- [WHAT TO DO]
Return all the data below as it stands, minus the pictures.

________

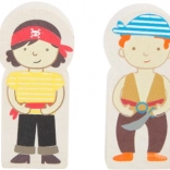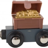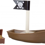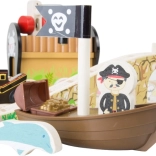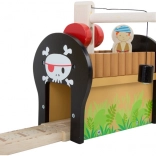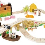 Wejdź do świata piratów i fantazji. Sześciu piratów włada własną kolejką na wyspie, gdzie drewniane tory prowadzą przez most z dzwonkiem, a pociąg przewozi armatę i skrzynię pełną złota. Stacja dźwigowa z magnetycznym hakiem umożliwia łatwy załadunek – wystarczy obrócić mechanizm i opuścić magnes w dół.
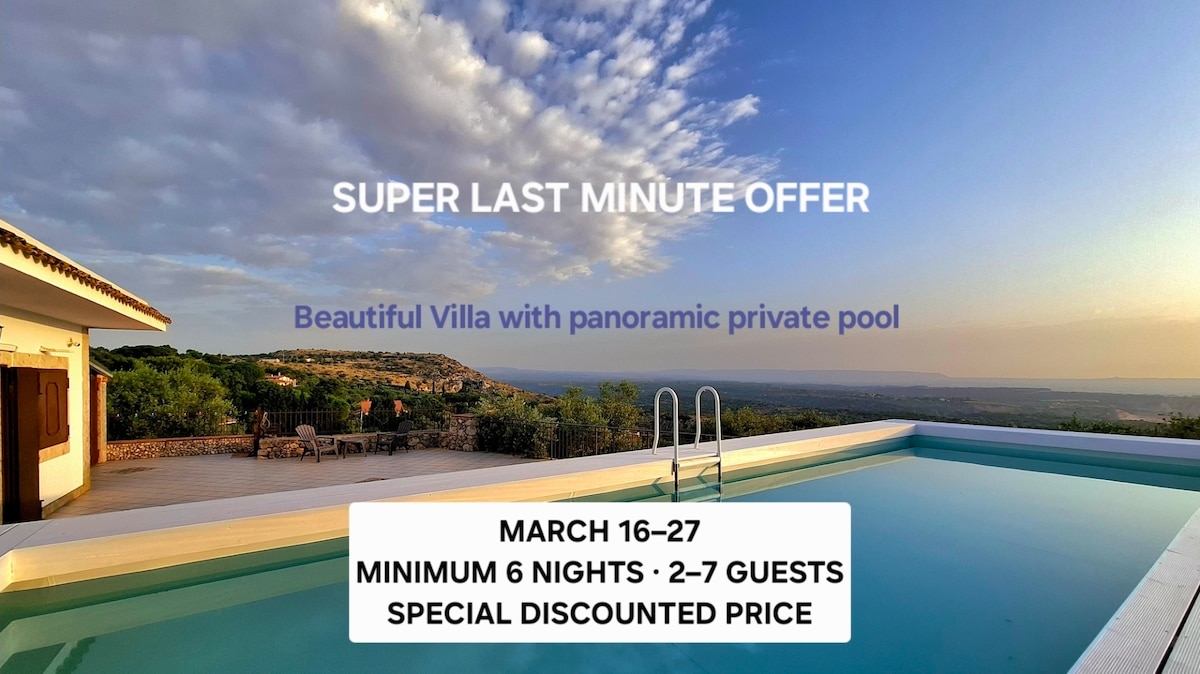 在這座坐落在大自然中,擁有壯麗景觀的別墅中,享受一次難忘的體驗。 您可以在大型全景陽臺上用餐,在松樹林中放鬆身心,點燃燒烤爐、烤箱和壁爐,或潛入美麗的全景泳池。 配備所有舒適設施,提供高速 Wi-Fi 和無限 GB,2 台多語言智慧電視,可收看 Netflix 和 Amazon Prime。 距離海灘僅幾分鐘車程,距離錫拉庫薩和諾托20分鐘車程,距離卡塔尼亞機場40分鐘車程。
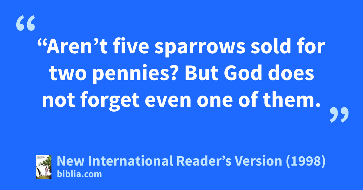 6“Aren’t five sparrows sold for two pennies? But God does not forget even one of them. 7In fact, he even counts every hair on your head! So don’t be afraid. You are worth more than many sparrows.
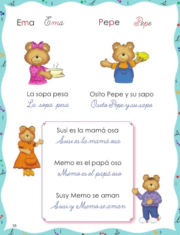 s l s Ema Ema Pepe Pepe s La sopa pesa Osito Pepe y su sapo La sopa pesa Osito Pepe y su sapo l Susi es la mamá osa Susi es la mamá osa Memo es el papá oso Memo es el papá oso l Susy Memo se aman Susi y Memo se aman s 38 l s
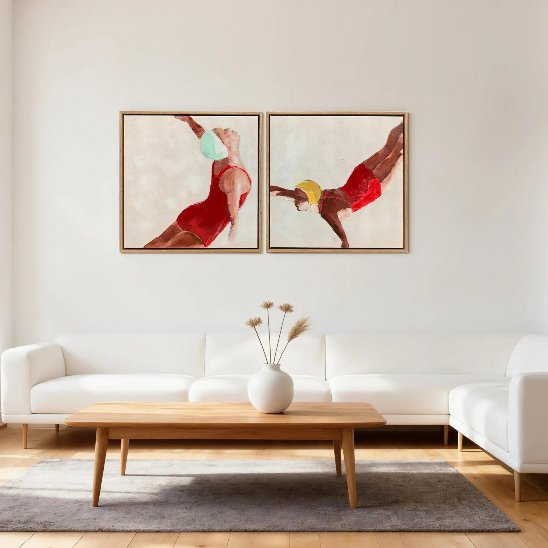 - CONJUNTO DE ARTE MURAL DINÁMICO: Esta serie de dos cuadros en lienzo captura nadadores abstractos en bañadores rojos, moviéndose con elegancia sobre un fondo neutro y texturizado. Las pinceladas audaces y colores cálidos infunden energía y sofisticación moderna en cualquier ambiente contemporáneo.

________

- [SOLUTION TO THE EXERCISE]
 Wejdź do świata piratów i fantazji. Sześciu piratów włada własną kolejką na wyspie, gdzie drewniane tory prowadzą przez most z dzwonkiem, a pociąg przewozi armatę i skrzynię pełną złota. Stacja dźwigowa z magnetycznym hakiem umożliwia łatwy załadunek – wystarczy obrócić mechanizm i opuścić magnes w dół.
 在這座坐落在大自然中,擁有壯麗景觀的別墅中,享受一次難忘的體驗。 您可以在大型全景陽臺上用餐,在松樹林中放鬆身心,點燃燒烤爐、烤箱和壁爐,或潛入美麗的全景泳池。 配備所有舒適設施,提供高速 Wi-Fi 和無限 GB,2 台多語言智慧電視,可收看 Netflix 和 Amazon Prime。 距離海灘僅幾分鐘車程,距離錫拉庫薩和諾托20分鐘車程,距離卡塔尼亞機場40分鐘車程。
 6“Aren’t five sparrows sold for two pennies? But God does not forget even one of them. 7In fact, he even counts every hair on your head! So don’t be afraid. You are worth more than many sparrows.
 s l s Ema Ema Pepe Pepe s La sopa pesa Osito Pepe y su sapo La sopa pesa Osito Pepe y su sapo l Susi es la mamá osa Susi es la mamá osa Memo es el papá oso Memo es el papá oso l Susy Memo se aman Susi y Memo se aman s 38 l s
 - CONJUNTO DE ARTE MURAL DINÁMICO: Esta serie de dos cuadros en lienzo captura nadadores abstractos en bañadores rojos, moviéndose con elegancia sobre un fondo neutro y texturizado. Las pinceladas audaces y colores cálidos infunden energía y sofisticación moderna en cualquier ambiente contemporáneo.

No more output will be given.